International record (W–L–T)
- 19–10–0

= Serbia women's national ice hockey team =

The Serbia women's national ice hockey team is the women's national ice hockey team of Serbia. The team is controlled by the Serbian Ice Hockey Association, a member of the International Ice Hockey Federation.

==History==
The team first played in an international tournament at the 2022 IIHF Women's World Championship Division III, the lowest IIHF women's hockey tier.

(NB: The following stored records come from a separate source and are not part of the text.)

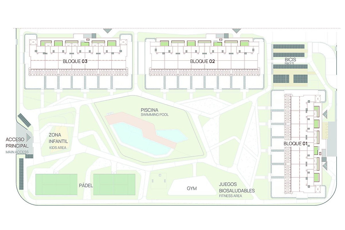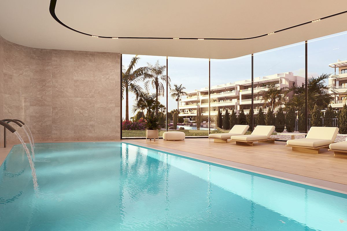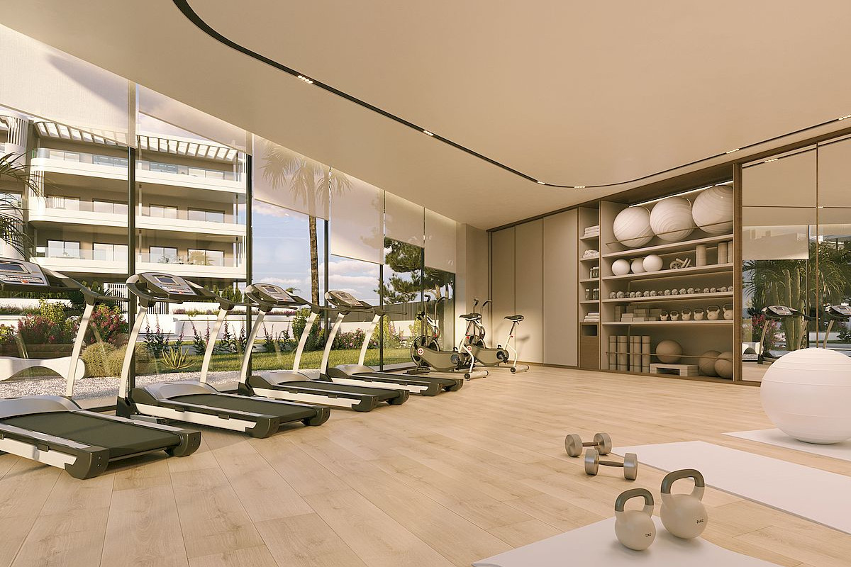 New residential development of 2 and 3 bedroom apartments close to all amenities in La Hoya, Torrevieja, within a residential complex that includes a gym, spa, sauna, communal pools, paddle courts, underground parking and storage rooms.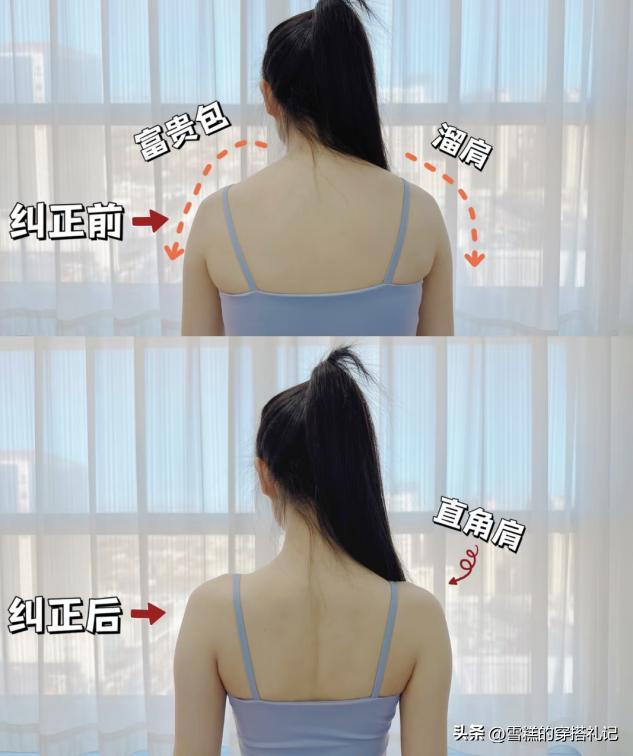 當你的體態崩了之後,身上會有很多缺點,一不小心就會將這些缺點暴露在人前,比如虎背熊腰的女人穿露肩的服裝,反而會加劇缺點,所以大家一定要注意服裝的做工和剪裁,用大領口的剪裁設計放大修飾效果,讓自己的肩背看起來更加挺直。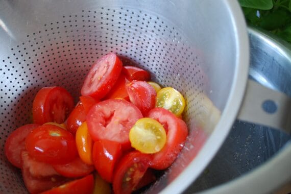 Snij 600 g tomaten van verschillende allure in willekeurige stukken. Bestrooi met 8 g zout, meng kort en laat vervolgens op kamertemperatuur uitlekken in een zeef. Vang het vocht dat vrijkomt op om het nadien te kunnen gebruiken. Het vocht en de tomaten zullen zout zijn maar dit is het enige zout dat in het recept wordt gebruikt.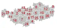 Brabantul Valon conține 27 de comune din care 5 au titlul de oraș.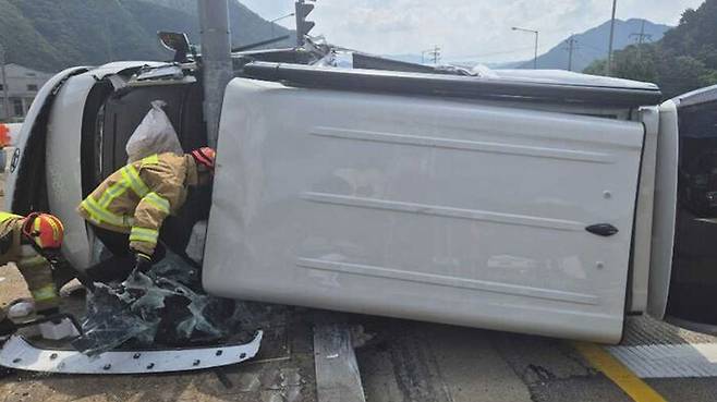 30일 경찰과 소방 당국에 따르면 이날 오후 2시 32분 인제군 북면 한계 사거리에서 A(42) 씨가 몰던 승합차가 신호등 기둥을 들이받고 넘어졌습니다.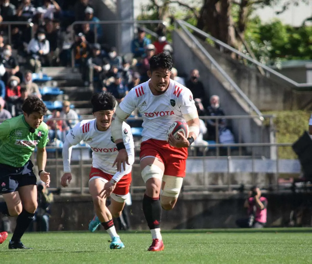 <BR東京・トヨタ>前半、敵陣でオフロードパスするトヨタの姫野 Photo by スポニチ トヨタ姫野和樹「クレージーゲーム」制す 雷雨で1時間遅れのキックオフ&… ギャラリーで見る この記事のフォト 2023年04月16日の画像一覧 もっと見る 2023年04月16日の画像をもっと見る

==World Championship record==
- 2022 – Finished in 36th place (2nd in Division IIIB)
- 2023 – Finished in 39th place (1st in Division IIIB)
- 2024 – Finished in 38th place (4th in Division IIIA)
- 2025 – Finished in 35th place (3rd in Division IIIA)
- 2026 – Finished in 39th place (5th in Division IIIA)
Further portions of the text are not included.